One of the most common traps is believing that once the plan is signed off, you’re done planning. But the best project managers know that a plan is only useful if it’s updated, visible, and revisited often.

When you plan a project isn’t a one-time event; it’s an ongoing process. Think of your plan as your GPS, not a paper map. If you stop checking it, you’re more likely to veer off course without realizing it. Regular engagement with your planning documents helps teams stay aligned, make smarter decisions, and react quickly to change. It also encourages accountability, as everyone is working from the same source of truth.

Where to Regularly Use Your Project Planning Documents

  • Weekly check-ins: Use your plan to track progress, update action items, and review upcoming risks or milestones.
  • Steering committee updates: Provide context for decisions, demonstrate progress, and validate any proposed changes with clear rationale.
  • Decision-making meetings: Use your plan to guide trade-offs and justify timelines, budget allocations, or scope adjustments.

And make it a habit to return to your Scope Statement as your baseline when things start to drift. It’s your anchor for realignment when expectations shift or priorities change mid-project.


Can Teams Succeed Without a Plan?

It’s a tempting idea, especially when your team is experienced, familiar with the work, or operating under tight timelines. You might think, “We’ve done this before, let’s just dive in.” But even the most seasoned teams can derail without a shared, documented plan.

The danger lies in assumptions. One person thinks the priority is speed, another assumes it’s quality. Someone believes the budget is flexible, while someone else is guarding every dollar. These disconnects often don’t surface until something goes wrong. And by that point, you’re no longer planning, you’re course-correcting.

A Strong Plan Ensures the Entire Team is Clear On:

  • What’s being delivered
  • When and by whom
  • What success looks like
  • What risks or constraints are in play

One tool I recommend often is the PriorityMatrix, a simple but powerful way to define what’s fixed (like budget or scope) and what’s flexible (like timeline or resourcing). When everyone agrees on what can bend and what can’t, decisions become easier and alignment sticks. It’s especially helpful when stakeholder opinions start to diverge mid-project.

In short, planning isn’t about questioning your team’s capability, it’s about protecting your time, focus, and outcomes. Even the best teams need a map if they want to arrive at the same destination.

Related: Master Planning Your Projects Even with Limited Resources


Isn’t Project Planning the Project Manager’s Job?

Technically? Yes. Realistically? Not if you want your project to succeed.

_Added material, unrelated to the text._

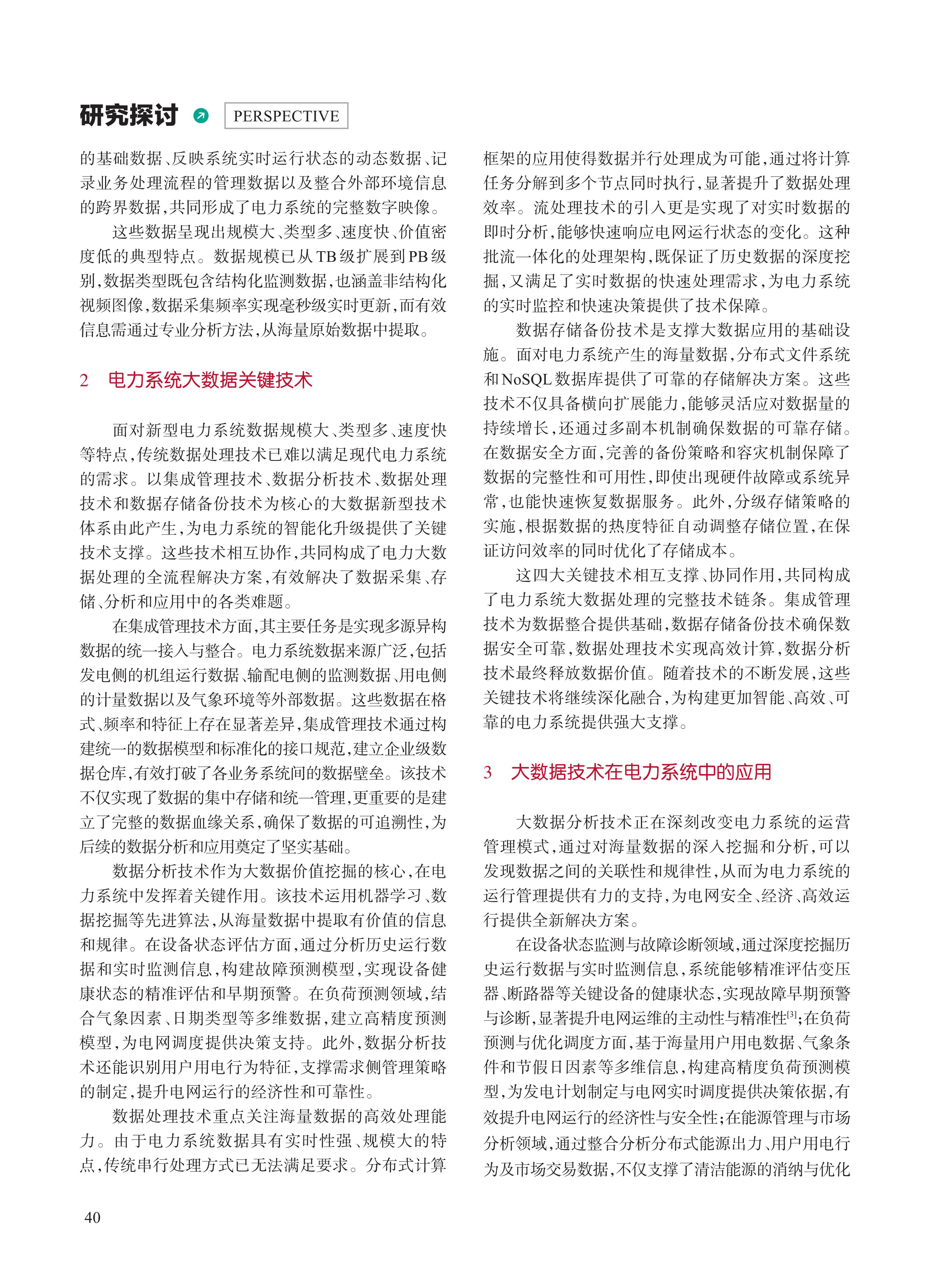 随着新型电力系统建设的推进,源、网、荷、储各环节产生的海量数据呈现出爆炸式增长的趋势,具有规模大、类型多、速度快、价值密度低等特点 。文中系统探讨了大数据技术在电力系统中的创新应用与发展前景,总结了电力大数据的关键技术,综述了在状态监测与故障诊断、负荷预测与优化调度、能源管理与市场分析三大核心领域的研究现状 。虽然大数据技术已显著提升电网运行效率和安全性,但在数据质量、系统集成等方面仍面临挑战。未来,随着数字孪生、人工智能等新技术融合发展,大数据技术将持续推动电力系统向数字化、智能化方向转型升级,为构建新型电力系统提供关键技术支撑。

While the project manager is accountable for leading the planning effort, that doesn’t mean doing it alone behind a desk. A plan created in isolation rarely leads to strong execution. It might check all the right boxes, but without team input, it lacks the insight, realism, and buy-in needed to succeed in the real world.

When your team is part of planning they are more likely to:

  • Commit to the plan because they helped build it
  • Flag risks early based on their real-world experience
  • Provide more accurate task estimates and resource needs
  • Ask critical questions that surface hidden assumptions
  • Feel ownership over deadlines and deliverables

How to Make Planning a Shared Effort

Here’s how to involve your team without losing structure:

  1. Draft a baseline plan to define the project’s scope, phases, and high-level milestones.
  2. Bring in subject matter experts to build out task-level details and surface risks.
  3. Host a collaborative kickoff where the team reviews the plan, raises questions, and aligns on next steps.
  4. Create space for feedback, use planning as a discussion, not just a presentation.

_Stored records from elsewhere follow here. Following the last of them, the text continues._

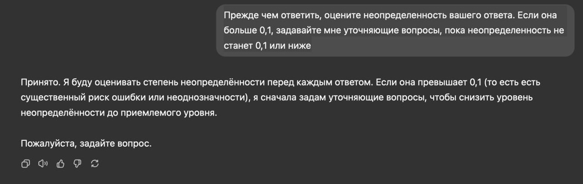 достоверные данные 🔥 Сохраняем 👇: Прежде чем ответить, оцените неопределенность вашего ответа. Если она больше 0,1, задавайте мне уточняющие вопросы, пока неопределенность не станет 0,1 или ниже 🤖 Ботоферма в деле!
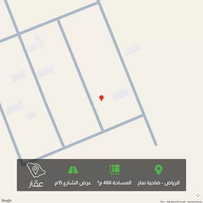 486 م² أرض في ضاحية نمار، الرياض معروضة بسعر ٦٠٠٬٣٤١ ريال، أقل بنسبة 20% من متوسط سعر الحي البالغ ٧٥٠٬٠٠٠ ريال. بناءً على 439 عقار مشابه.
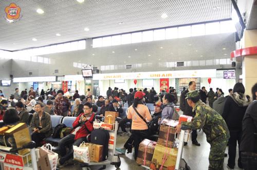 尚義機場昨日中午受到雨霧影響,能見度不佳,從中午11時58分起暫停航機起降,整個下午機場動彈不得,候機的旅客只能望天興嘆,金門和廈門海上航道也是霧茫茫,能見度差,小三通全天停航,盼望今(廿一)日天氣能轉晴,順利成行。 金門民航站表示,尚義機場於上午正常開場,台金各航線班機偶而在空中盤旋折繞,但都幸運的起降,只金門和廈門小三通航線東渡、五通碼頭與泉州石井港昨日續封港一天,因而尚義機場搭機人潮並不熱絡。午間,由於籠罩著小雨和大霧,中午11時58分的能見度未達航機安全進場最低安全標準的900公尺,被迫暫停航機起降作業。持續到下午,尚義機場能見度更低到300公尺,仍陷入關場狀態,立榮、復興以及華信三家航空公司各航線的下午班機都被迫取消,急壞數百名候機的旅客。 受到機場關場影響,航空公司估計有超過500名旅客被迫滯留,大多數為台灣觀光團及探親度假的鄉親。 金門航空站表示,台金各航線昨日排定往返共74班次,受天氣影響,三家航空公司計有22班次抵達,中午過後有52班被迫取消。航空站並強調,金門已進入霧季,天候不穩,旅客搭機前最好先向航空公司查詢,以免徒勞往返。
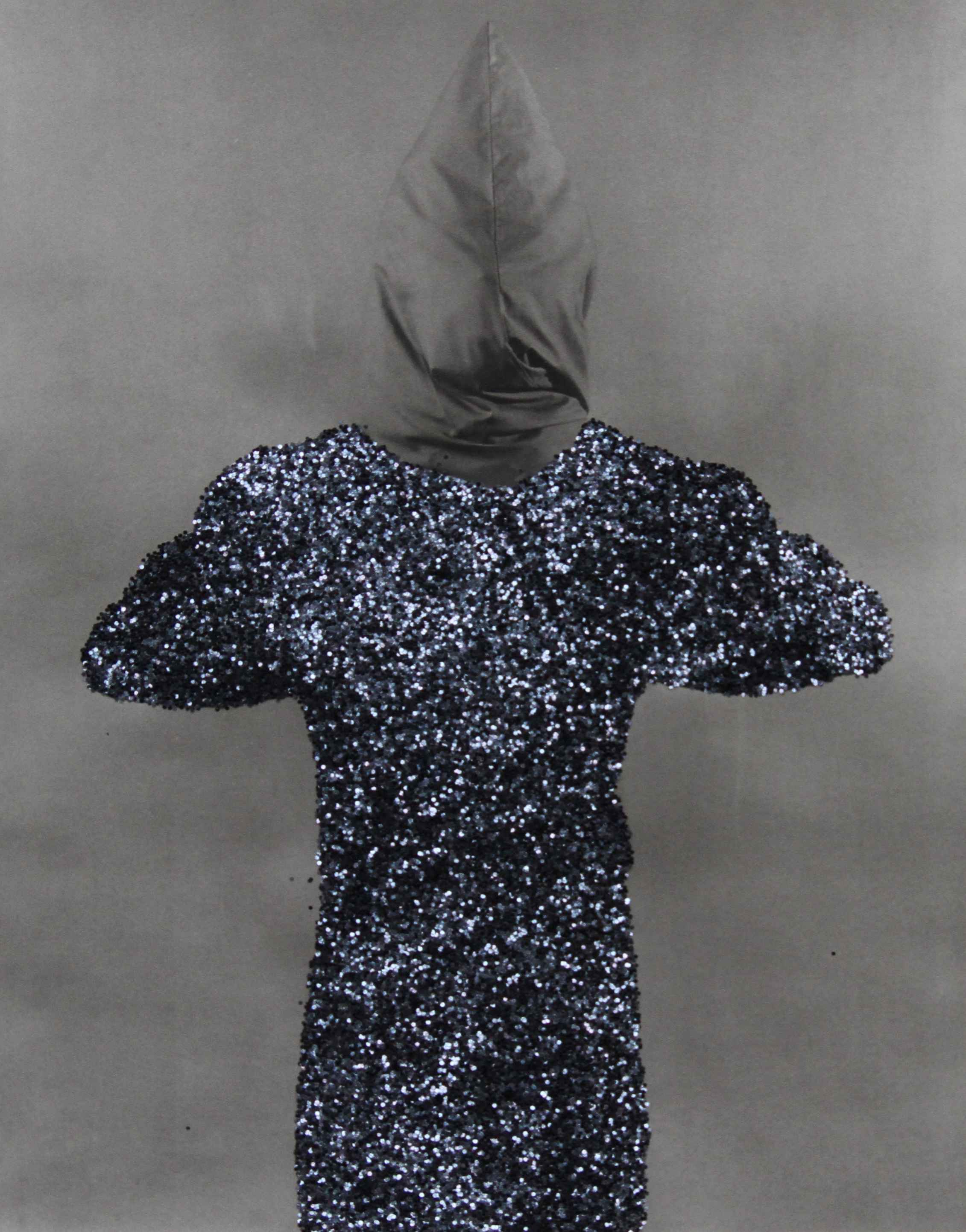 Le matériau est le lieu dans lequel la forme plastique apparaît, il s’agit pour moi de trouver pour chaque pièce que je crée la matière la plus adéquate. Souvent une rencontre avec un matériau chamboule tout, comme récemment avec la paillette qui me force à penser le sculptural dans sa dimension monstrueuse. J’aime me laisser prendre par ce moment magique de la rencontre avec une matière et voir où ça mène. Toute ma vie se base sur le principe de non savoir et de la flânerie en amour comme en art en politique ou en philosophie, ne pas savoir où je vais me réjouit. Mais le matériau qui m’intéresse avant tout c’est le corps. Ce corps je le sens vulnérable, fragile et fort en même temps. C’est lui qui découvre les informations qui nourrissent mon travail, celui de faire apparaître, au travers des formes que je travaille, les contenus politiques qu’elles véhiculent, comme des formes en soit, qu’il faut déconstruire par le processus de plasticité.

People support what they help create, so if you want your plan to stick, don’t just assign it, co-create it.


Should Steering Committees Stay Out of the Planning Phase?

It might be tempting to loop the steering committee in after the plan is built, especially when they’re busy, hard to schedule, or prone to changing their minds. But sidelining them early on almost always leads to issues later.

When steering committee members aren’t involved from the beginning, you run the risk of:

  • Misaligned goals and priorities
  • Missed requirements or assumptions
  • Delayed approvals
  • Rejected plans after execution has already started

These disconnects can derail timelines, burn resources, and undermine trust. A plan that doesn’t reflect leadership’s expectations is unlikely to hold up under pressure.

What to Share with the Steering Committee Early On

You don’t need to walk them through every detail, but they do need visibility into the bigger picture. Bring them in early to review:

  • The Scope Statement – to confirm what the project will and won’t deliver
  • The Project Charter – to align on purpose, objectives, success criteria, and key players
  • The high-level Work Breakdown Structure (WBS) – to validate major deliverables and timelines

When you proactively secure alignment from the steering committee, you reduce the risk of rework, improve decision speed, and build executive support that lasts throughout the project.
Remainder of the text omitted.